Ketua IKA Stais : Dukung untuk Jadi Bupati Bangkalan!!

2 min read

Nules.co – Siang itu, matahari bersinar sangat panas. Agen-agen Kampus Stais (Sekolah Tinggi Agama Islam Syaichona Moh Cholil) Bangkalan berkumpul, bersilaturrahim dan temukangen di Hotel Rose Bangkalan.

Dengan mengusung tema “Menata ikatan, meniti arah pengabdian” Halal Bihalal IKA (Ikatan Keluarga Alumni) Stais sukses digelar pada Minggu (26/05).

Ada yang menarik dari tema yang diusung dalam Halal Bihalal IKA Stais ini. Mengapa mengusung tema tersebut? Apa tujuannya? Apakah ada pesan tersirat yang ingin disampaikan? Simak wawancara eksklusif Reporter nules.co dengan Mufti Shohib, Ketua IKA Stais Bangkalan.


***


To the point, pak ketua. Sebenarnya, apa pesan yang ingin disampaikan dari adanya acara Halal bihalal IKA Stais ini?

Saya berharap Alumni Stais bisa semakin kompak, solid, kemudian melekat dalam jiwa sahabat-sahabat alumni bahwa kita memegang tanggung jawab ideologis, ideologis sebagai alumni Syaichona Moh Cholil, maka darinya nilai-nilai itu yang mau ditransfer ke sahabat-sahabat alumni melalui event ini, kira -kira begitu.


Selain Halal Bihalal, program apalagi yang dilakukan oleh IKA Stais?

Dalam menata alumni, programnya yaa tentu penataan organisasi. Penataan organisasi yang sedang disusun adalah database alumni, sehingga kita bisa mudah mengakses alumni, berbasis profesi masing-masing. Jadi, ini mulai kita lakukan, mentracking istilahnya. Yakni mentracking karir-karir alumni di tengah-tengah masyarakat, mentracking kiprah alumni. Sehingga kalau itu sudah bisa dilakukan, harapannya bisa memikirkan maslahah yang jangkauannya lebih luas.


Selaku Ketua IKA, Anda kan juga dosen di Kampus Stais, pertanyaannya, untuk alumni itu sendiri, apa pengabdian yang bisa mereka lakukan untuk Stais? Apa yang bisa mereka persembahkan untuk Kampus Stais? Apakah antara alumni dan kampus itu ada sinkronisasi atau jalan sendiri-sendiri?

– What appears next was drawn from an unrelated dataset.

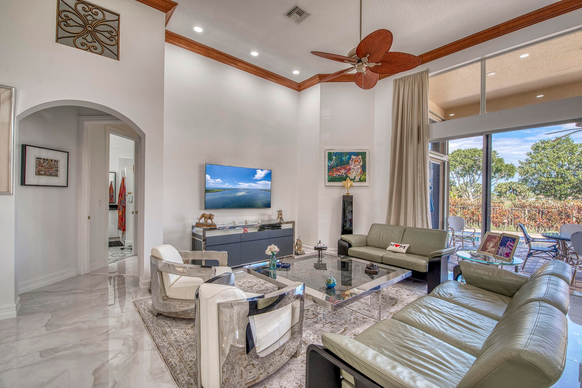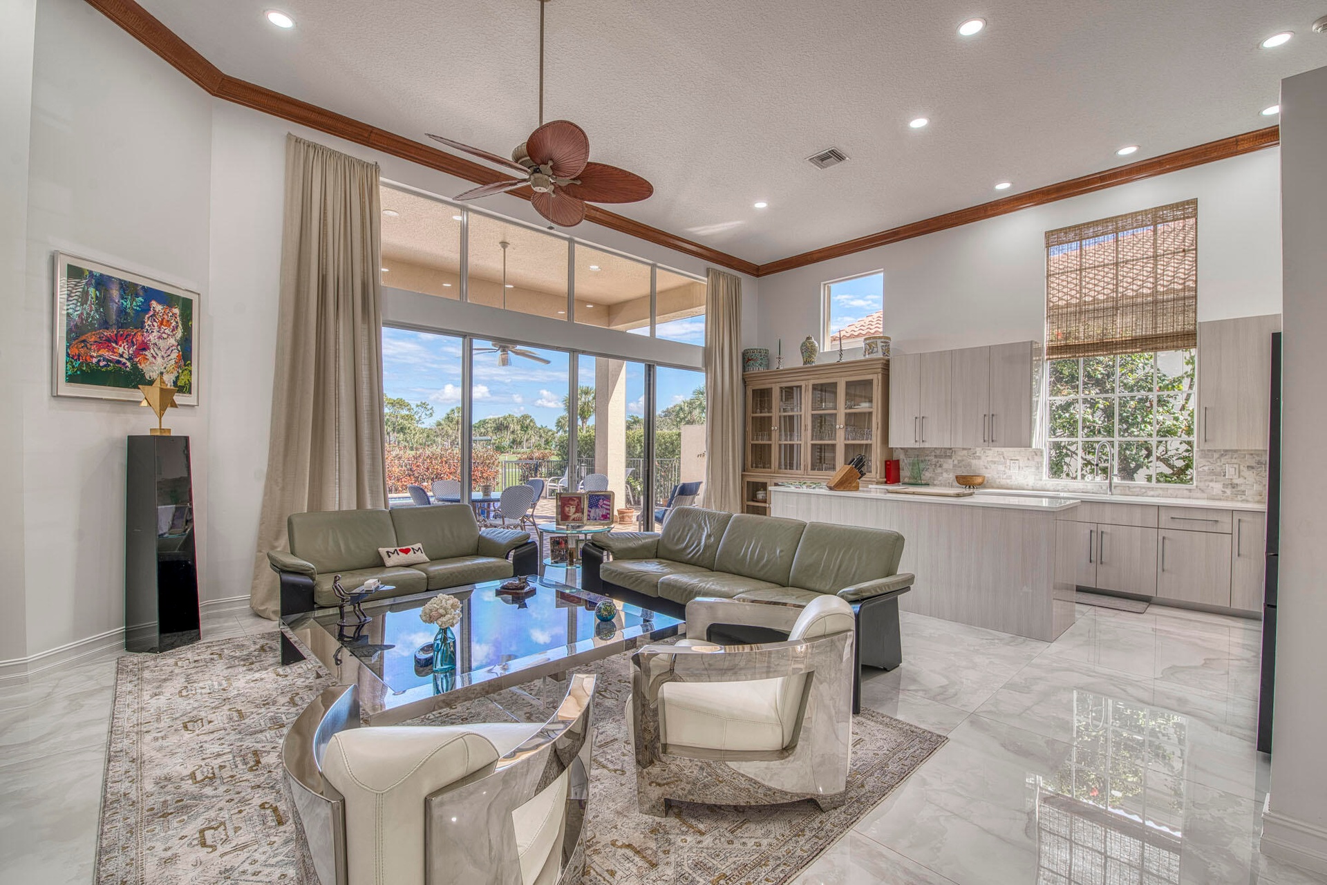 Boasting a brand-new roof installed in October 2025 with a 10-year fully transferable warranty, this beautifully updated residence has been thoughtfully renovated from top to bottom. In 2024, the bedrooms received new tile flooring and the master suite was enhanced with elegant plantation shutters. In 2025, the main living areas, kitchen, and den were upgraded with striking 48'' x 48'' rectified porcelain tiles, adding a dramatic and modern aesthetic. The kitchen underwent a complete renovation in 2024, featuring new cabinetry and an extended preparation counter that makes cooking both enjoyable and functional. Crown molding and fresh interior paint, also completed in 2024, provide a refined finish throughout the living spaces. Additional updates include a newer HVAC system, newer water heater, and a newly resurfaced saltwater pool (2024). The exterior is equally well cared for, with refreshed front landscaping and a meticulously maintained deck that was pressure-cleaned and resealed in 2024. For outdoor living, the spacious patio is equipped with retractable screens, and a dedicated dog-friendly area on the side of the home, secured by a newly added fence, makes daily walks effortless. In 2025, the master bathroom was retiled with a stunning mosaic floor, and the laundry room was upgraded with a new washer and dryer. Perfectly positioned overlooking the Tradition golf course, the home offers magnificent views along with an added convenience: a nearby shortcut at the end of the street provides direct access to the club, spa, and pool complex, which features four exceptional restaurants and full spa services. Aligned perfectly with online value estimates, this home is a true must-see for anyone considering life in the Ibis community. We look forward to welcoming you in person.
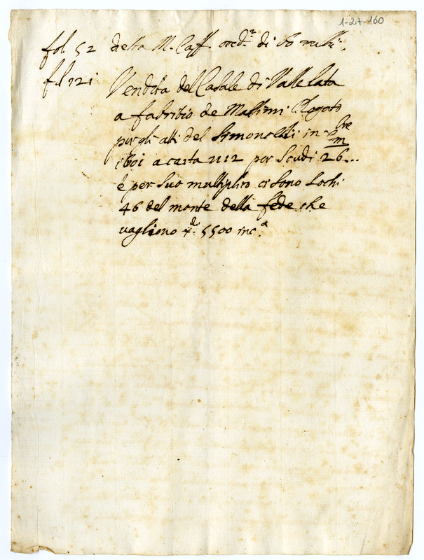 Note del casale di Vallelata da Fabrizio de Massimi (1600-1700)

Baca juga  PAC Muslimat NU Kadur Sukses Gelar Konferensi Ke-6

Pertama, kalau rencana strategis pengembangan Kampus Stais, tentu tidak dilepaskan dari keterlibatan alumni. Apalagi pasca pindah ke gedung baru, Kampus Stais ini kan masih menata banget. Jadi, Kampus Stais ini didesain sebetulnya, bahkan hampir sepenuhnya didesain untuk bisa memaksimalkan peran-peran alumni. Buktinya, dari beberapa alumni yang qualifite (punya kualifikasi) dalam suatu bidang, memenuhi persyaratan, itu digunakan. Artinya kalau memang ada alumni yang punya dedikasi untuk membangun dan mengembangkan kampus, pasti itu yang lebih diprioritaskan (daripada yang bukan alumni).

Kedua, mengembangkan kampus itu kan tidak hanya berbicara di dalam Kampus Stais saja. Membangun masyarakat pun kan juga demi masadepan pembangunan Kampus Stais juga. Karena kampus itu kan tugasnya adalah pendidikan, penelitian dan pengabdian masyarakat. Saya kira, kiprah yang paling besar yang bisa digarap oleh alumni secara merata, adalah pengabdian masyarakat. Ya tentu tidak menafikan peran-peran alumni di sektor penelitian dan pendidikan. Namun di bidang pengabdian masyarakat, inilah yang paling menjadi topik utama ketika berbicara tentang alumni.


Terakhir, mungkin ada yang mau disampaikan?
Dukung saya jadi Calon Bupati Bangkalan. Hehehe (sambil tertawa dengan nada bergurau).

Kirim ke :

Tinggalkan Balasan

Alamat email Anda tidak akan dipublikasikan. Ruas yang wajib ditandai *

Copyright © All of nules.co | Newsphere by AF themes.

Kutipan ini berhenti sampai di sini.